***** Source data
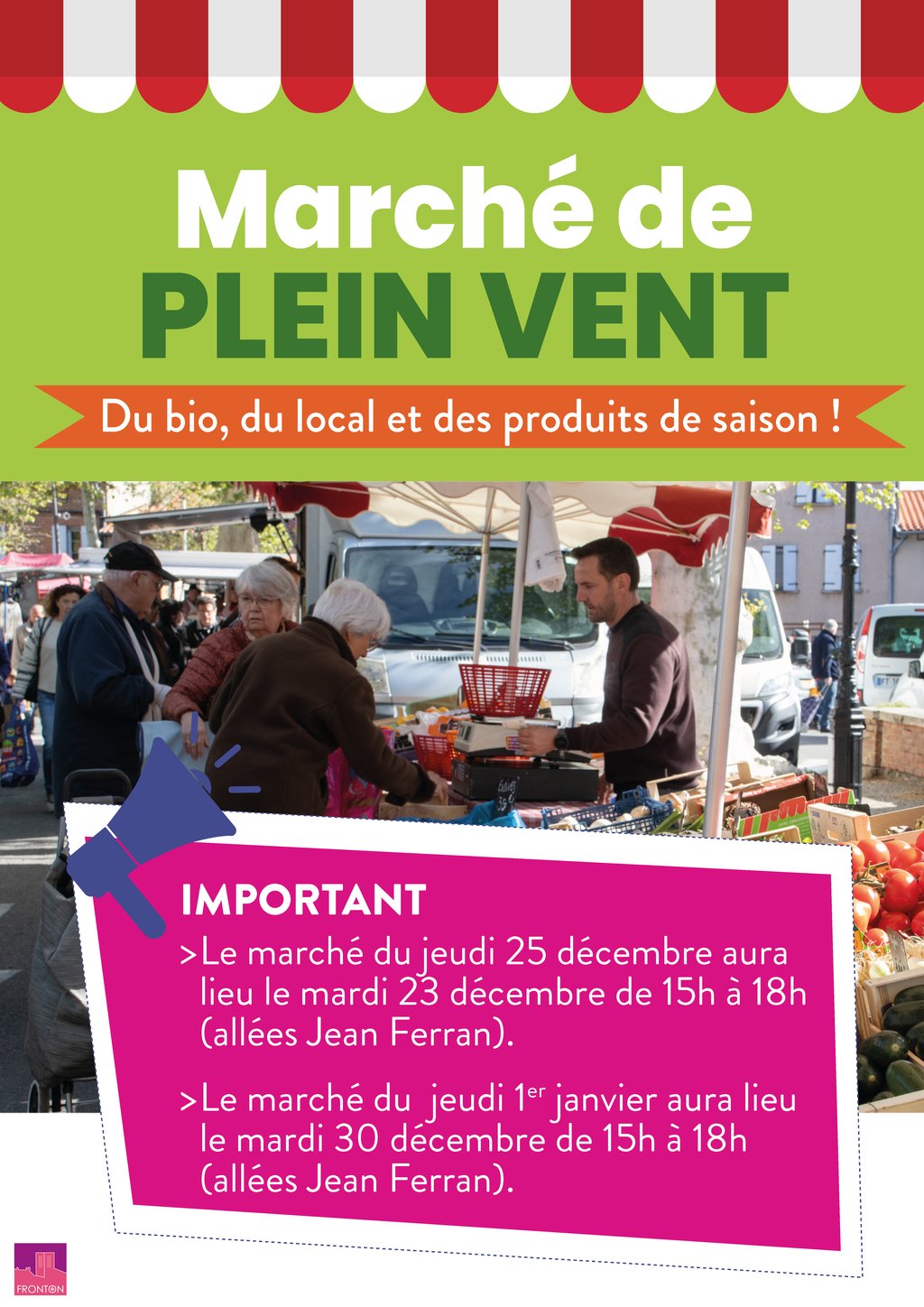 Afin que chacun puisse profiter pleinement des fĂȘtes, les marchĂ©s initialement prĂ©vus les jeudi 25 dĂ©cembre et jeudi 1er janvier sont exceptionnellement reportĂ©s :
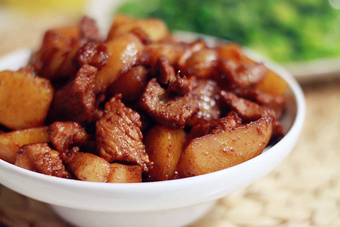 4:倒入瘦肉部份,还有土豆块,翻炒一会儿;
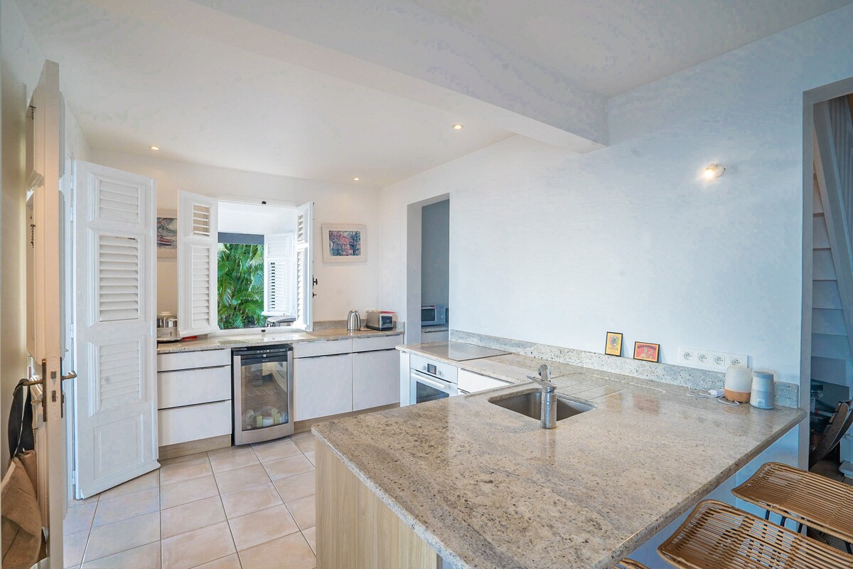 Beautiful view of the Caribbean Sea! Very nice villa, quiet and relaxing, located in a very popular residence, overlooking the large bay. The sunrises are bright and the sunsets are breathtaking. The first sea swim is 4 minutes away by car. The villa is tastefully furnished, with quality materials and fully equipped. Salt pool. Garden. BBQ. Ideal location to travel all over the island. Secure private parking for 2 cars. Supermarket 5 minutes away.
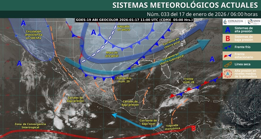 Para este sábado 17 de enero, el Servicio Meteorológico Nacional (SMN) pronostica intervalos de chubascos (de 5 a 25 mm) en Colima, acompañados de descargas eléctricas y posible caída de granizo, debido al persistente ingreso de humedad del océano Pacífico y a la inestabilidad atmosférica que afecta al occidente del país. Estas condiciones se presentarán a lo largo del día, con cielo de medio nublado a nublado en la región.
**********
Hand back the data above exactly, leaving out all pictures.

Written solution:
 Afin que chacun puisse profiter pleinement des fĂȘtes, les marchĂ©s initialement prĂ©vus les jeudi 25 dĂ©cembre et jeudi 1er janvier sont exceptionnellement reportĂ©s :
 4:倒入瘦肉部份,还有土豆块,翻炒一会儿;
 Beautiful view of the Caribbean Sea! Very nice villa, quiet and relaxing, located in a very popular residence, overlooking the large bay. The sunrises are bright and the sunsets are breathtaking. The first sea swim is 4 minutes away by car. The villa is tastefully furnished, with quality materials and fully equipped. Salt pool. Garden. BBQ. Ideal location to travel all over the island. Secure private parking for 2 cars. Supermarket 5 minutes away.
 Para este sábado 17 de enero, el Servicio Meteorológico Nacional (SMN) pronostica intervalos de chubascos (de 5 a 25 mm) en Colima, acompañados de descargas eléctricas y posible caída de granizo, debido al persistente ingreso de humedad del océano Pacífico y a la inestabilidad atmosférica que afecta al occidente del país. Estas condiciones se presentarán a lo largo del día, con cielo de medio nublado a nublado en la región.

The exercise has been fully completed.